Конечно, реальный окружающий мир других людей – сегодня, когда она уже давно выросла – не мог не влиять на Машку. Но любое влияние преломлялось сквозь призму её собственного ощущения бытия: так преломляется утренний луч солнца, проходя сквозь битое стекло бутылки, или сквозь кристаллики снега, застывшего чудными узорами на оконном стекле… Она не понимала, в каком столетии протекает её жизнь и какое сегодня время стучится в покосившиеся двери её хибарки.
Машка ощущала себя маленькой чёрной точкой на огромном полотне, где пересекаются две цветные линии, соединяющие прошлое и будущее, а затем убегающие в разные бесконечные вселенные – очень разные и не всегда понятные человеческому разуму.
А она, что она? Машка ощущала себя безумно одинокой в своём мире, умещавшимся целиком в крохотную чёрную точку – где она могла разговаривать с белой оленихой-маралихой, лисичками и зайчиками, с травой и столетними деревьями. И где её приветствовала Мама-ночь. 
Окружающая природа ощущалась единым живым организмом, даже со своим уникальным биением сердца, на которое Машка чутко откликалась собственным. Но односельчане всего этого не понимали, считая шаманку чокнутой «на всю голову» (хотя постоянно шли к ней за помощью от своих хворей). Они, конечно, допускали, что Машка видит и слышит то, что недоступно остальным.

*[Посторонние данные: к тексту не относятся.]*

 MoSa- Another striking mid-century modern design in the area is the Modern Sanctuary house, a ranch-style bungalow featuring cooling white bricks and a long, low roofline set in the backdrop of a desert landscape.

Но как-то не особо стремились туда лезть: жили повседневностью, наполненной тяжёлым трудом и пьянством. Впрочем, Машка никогда не осуждала их за это. Да и как она могла: всё вокруг неё просто старались выжить как могли. Где удачей считалось обуть, одеть и накормить своих детей. И при этом – радоваться маленьким бытовым удачам.
Жители посёлка казались шаманихе слепыми (также, как и их примитивный мир). Казалось, никто кроме неё не замечал красоты и величия той природы, что их окружает. Как и щемяще-холодной прелести звёзд или низко плывущими над вершинами гор утренних облаков, пронизанных первыми лучами восходящего солнца. Или хребтов седых гор, больше похожих на уснувших сказочных чудищ. Никто не мог разобрать голоса ветра и шёпота столетних кедров (когда те переговаривались друг с другом в ночи).

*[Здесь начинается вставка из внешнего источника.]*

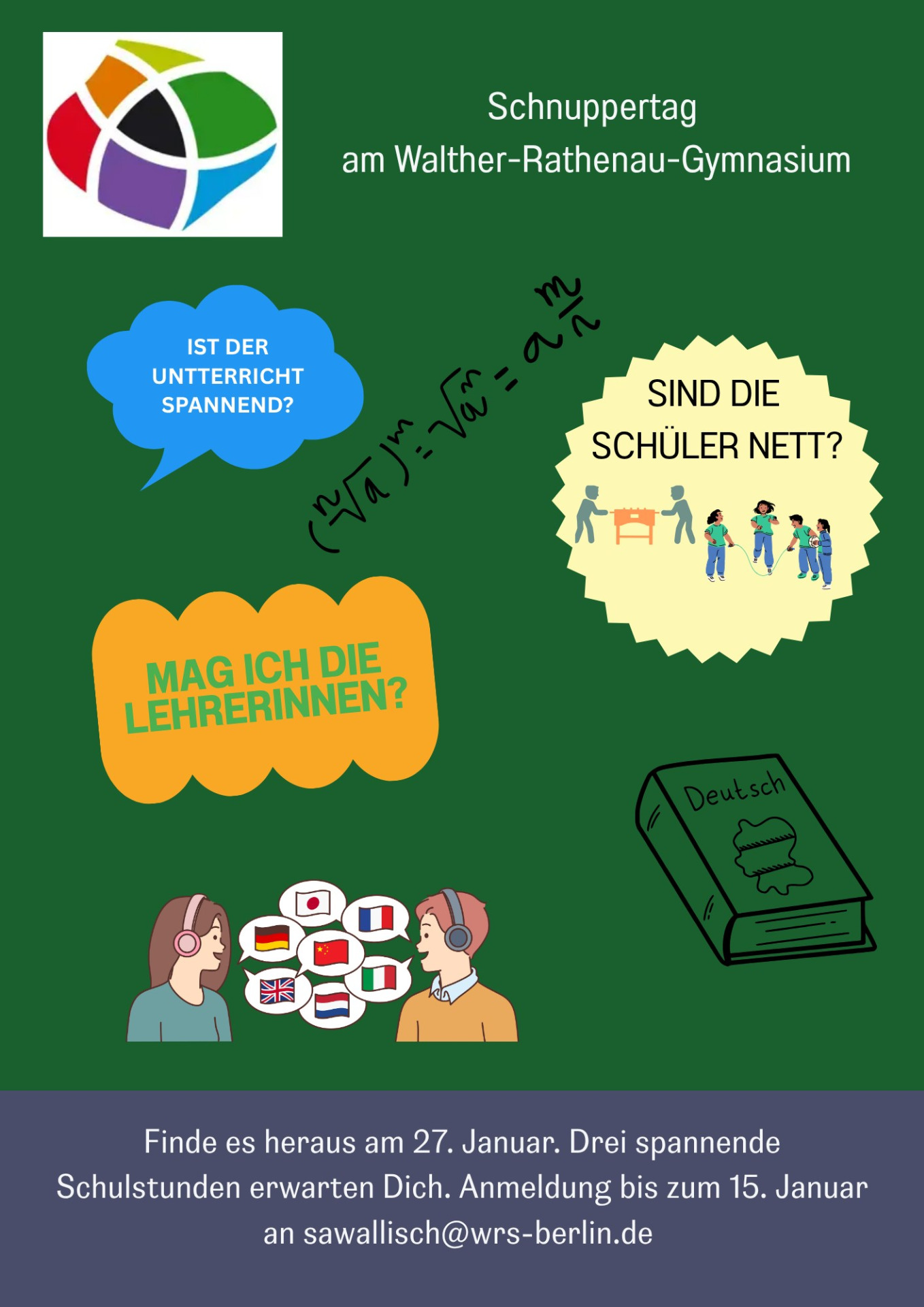 Manches probiert man am besten aus. Zum Beispiel, wie es hier an unserer Schule ist, die auch bald Deine sein könnte. Ab jetzt startet wieder die Anmeldung für unseren beliebten Schnuppertag. Wie läuft das ab? Von der zweiten bis zur vierten hast Du drei Stunden Unterricht, nämlich Deutsch, Mathe und eine Fremdsprache Deiner Wahl. Dabei lernst Du natürlich einige unserer Lehrerinnen kennen, die Schüler aus der 7. Klasse, was man auf dem Schulhof machen kann, unser schönes Gebäude, also alles, was man braucht für einen Eindruck von unserer Schule.

Окружающие казались ей глухими и слепыми: словно люди и природа существовали в неких параллельных мирах, не соприкасающихся друг с другом. И не существовало силы, способной слить их вместе, в созвучии с единой гармонией.

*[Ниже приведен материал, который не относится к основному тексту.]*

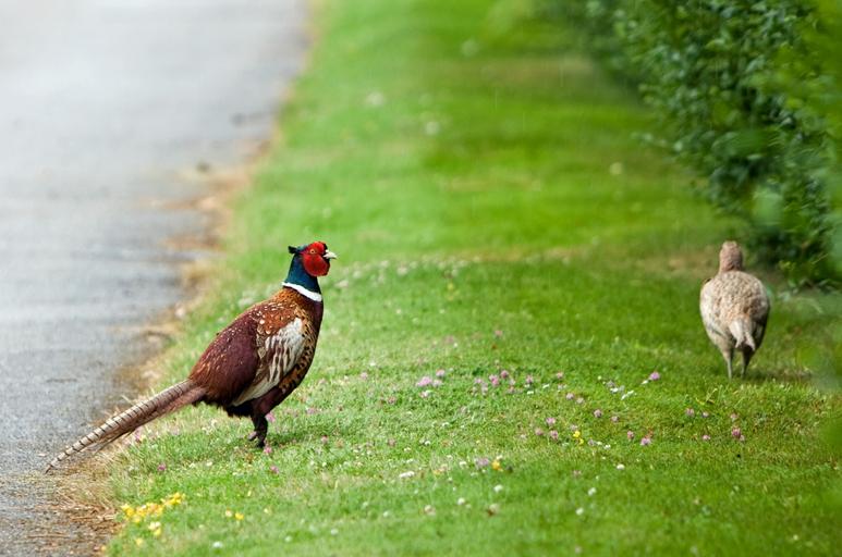 Keywords: bird pheasant beautiful animal nature close-up male birds female hen green grass outdoors

Но мама Машки (а сейчас и она сама!) знали нечто такое, что составляло их фамильную тайну. Природа – совсем не мёртвое скопище деревьев и камней, а умеющий говорить живой мир, который человек (являясь всего лишь маленькой пылинкой бытия!) может понимать. Но для этого надо делать самое простое на первый взгляд действие: беззаветно любить и внимательно слушать всё то, что тебя окружает. Но это оказалось самым трудным для всех, кроме родной матери, с кем Машке довелось общаться в своей жизни.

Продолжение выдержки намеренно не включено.